Despite McNeil's initial advantage when its Nicotrol patch won Food & Drug Administration approval to go OTC a month ahead of competitor SmithKline Beecham's NicoDerm CQ, Nicotrol has been surpassed by its rival.

Nicotrol's OTC sales slid 22.9%, to $44.2 million, in the $567.5 million market for the 52 weeks ended March 29, according to Information Resources Inc. SmithKline Beecham's Nicorette gum held $291.2 million in sales, a 15.6% increase, followed by NicoDerm CQ, at $230.5 million and a 49% jump.

Following their summer 1996 introductions, new competition hit in July 1997 in the form of Glaxo Wellcome's prescription anti-smoking pill, Zyban.

Total Zyban sales through March 31 were $99.6 million, according to IMS America.


McNeil's first campaign for Nicotrol, which broke in July 1996, used testimonials of real smokers in Ann Arbor, Mich. Spending for the effort, from DDB Needham Worldwide, New York, totaled $58 million in the first year, according to Competitive Media Reporting, compared with the much larger one-two punch of SmithKline Beecham's spending: $85.7 million for NicoDerm CQ and $70 million for Nicorette, via Jordan McGrath Case & Partners, New York.

Both brands scrambled for marketing partnerships, with the American Cancer Society teaming with NicoDerm CQ, and the American Lung Association with Nicotrol.

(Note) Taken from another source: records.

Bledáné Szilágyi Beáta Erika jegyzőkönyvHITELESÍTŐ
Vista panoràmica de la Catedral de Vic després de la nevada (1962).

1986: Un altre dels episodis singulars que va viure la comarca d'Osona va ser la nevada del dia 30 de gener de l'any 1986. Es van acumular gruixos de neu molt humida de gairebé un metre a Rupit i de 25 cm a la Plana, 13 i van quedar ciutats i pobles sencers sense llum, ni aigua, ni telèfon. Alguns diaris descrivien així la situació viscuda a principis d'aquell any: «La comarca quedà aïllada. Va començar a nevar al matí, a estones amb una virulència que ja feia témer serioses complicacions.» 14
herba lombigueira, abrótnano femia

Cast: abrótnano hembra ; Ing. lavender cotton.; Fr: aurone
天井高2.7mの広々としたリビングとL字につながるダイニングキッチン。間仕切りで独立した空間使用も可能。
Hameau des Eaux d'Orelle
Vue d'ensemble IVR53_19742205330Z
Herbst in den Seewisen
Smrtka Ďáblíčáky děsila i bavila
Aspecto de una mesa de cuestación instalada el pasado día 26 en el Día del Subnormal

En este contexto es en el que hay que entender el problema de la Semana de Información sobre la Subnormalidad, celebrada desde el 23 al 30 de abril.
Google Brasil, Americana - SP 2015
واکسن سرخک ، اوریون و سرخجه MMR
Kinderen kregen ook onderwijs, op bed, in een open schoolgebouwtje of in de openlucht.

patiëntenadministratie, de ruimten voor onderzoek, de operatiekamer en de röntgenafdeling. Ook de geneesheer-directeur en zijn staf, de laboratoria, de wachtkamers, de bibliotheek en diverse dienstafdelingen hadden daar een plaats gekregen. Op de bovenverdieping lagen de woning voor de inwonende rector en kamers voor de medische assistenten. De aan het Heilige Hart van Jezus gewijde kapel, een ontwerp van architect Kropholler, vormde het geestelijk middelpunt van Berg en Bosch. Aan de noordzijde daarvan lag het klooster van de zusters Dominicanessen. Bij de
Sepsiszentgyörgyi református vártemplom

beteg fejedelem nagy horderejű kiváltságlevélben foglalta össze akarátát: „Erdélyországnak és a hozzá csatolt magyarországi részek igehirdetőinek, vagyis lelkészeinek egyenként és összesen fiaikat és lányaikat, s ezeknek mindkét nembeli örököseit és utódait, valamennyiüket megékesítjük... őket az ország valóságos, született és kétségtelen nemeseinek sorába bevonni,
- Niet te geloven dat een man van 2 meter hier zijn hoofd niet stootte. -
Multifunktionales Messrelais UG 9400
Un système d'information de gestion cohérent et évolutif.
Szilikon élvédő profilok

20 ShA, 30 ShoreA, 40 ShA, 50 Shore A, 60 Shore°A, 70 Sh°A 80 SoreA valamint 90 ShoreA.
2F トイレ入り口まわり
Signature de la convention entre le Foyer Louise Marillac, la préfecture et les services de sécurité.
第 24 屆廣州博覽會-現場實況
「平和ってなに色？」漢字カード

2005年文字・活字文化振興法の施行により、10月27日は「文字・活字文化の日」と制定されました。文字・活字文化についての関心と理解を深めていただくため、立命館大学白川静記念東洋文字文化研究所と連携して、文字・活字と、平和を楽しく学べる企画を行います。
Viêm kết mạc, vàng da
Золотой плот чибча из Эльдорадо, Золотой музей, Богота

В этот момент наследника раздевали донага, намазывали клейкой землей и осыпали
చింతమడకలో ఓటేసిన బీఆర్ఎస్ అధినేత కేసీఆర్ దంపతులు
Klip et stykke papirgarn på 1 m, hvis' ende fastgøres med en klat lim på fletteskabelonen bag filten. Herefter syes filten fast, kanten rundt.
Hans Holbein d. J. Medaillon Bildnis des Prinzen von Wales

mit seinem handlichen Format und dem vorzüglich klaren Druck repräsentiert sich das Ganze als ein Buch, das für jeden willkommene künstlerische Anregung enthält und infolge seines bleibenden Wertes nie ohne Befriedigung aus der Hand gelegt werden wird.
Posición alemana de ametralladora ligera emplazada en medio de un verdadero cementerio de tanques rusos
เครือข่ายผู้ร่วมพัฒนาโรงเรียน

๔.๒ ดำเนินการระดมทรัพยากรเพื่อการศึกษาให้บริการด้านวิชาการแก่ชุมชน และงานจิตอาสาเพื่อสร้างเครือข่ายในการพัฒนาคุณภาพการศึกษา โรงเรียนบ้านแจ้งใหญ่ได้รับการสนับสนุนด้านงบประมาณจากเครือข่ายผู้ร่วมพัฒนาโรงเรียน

In January 1997, McNeil moved Nicotrol from DDB Needham to Saatchi & Saatchi's Healthcare Connection, New York, and media support dropped to just $13.7 million for 1997, compared with $53.4 million the year before.

Ed Schmitt, senior consultant at healthcare marketing consultancy Genesis Group, said McNeil seems to be conceding the patch market to SmithKline Beecham and moving on.

"There comes a time when you're spending more than you're selling and you cut your losses," he said.


Mr. Brown, however, said there are plans for more general branding efforts for Nicotrol, to pull in the 2-year-old prescription spray and OTC patch as well.

He said McNeil hopes to bring both prescription products OTC, too.

Mr. Brown also isn't upset about Zyban, the newest competitor.

"Doctors are re-engaging with patients on the prescription side due to Zyban," he said, "It's a favorable environment."

Zyban got $20 million in direct-to-consumer ad support during the last quarter of 1997, via FCB Healthcare, New York.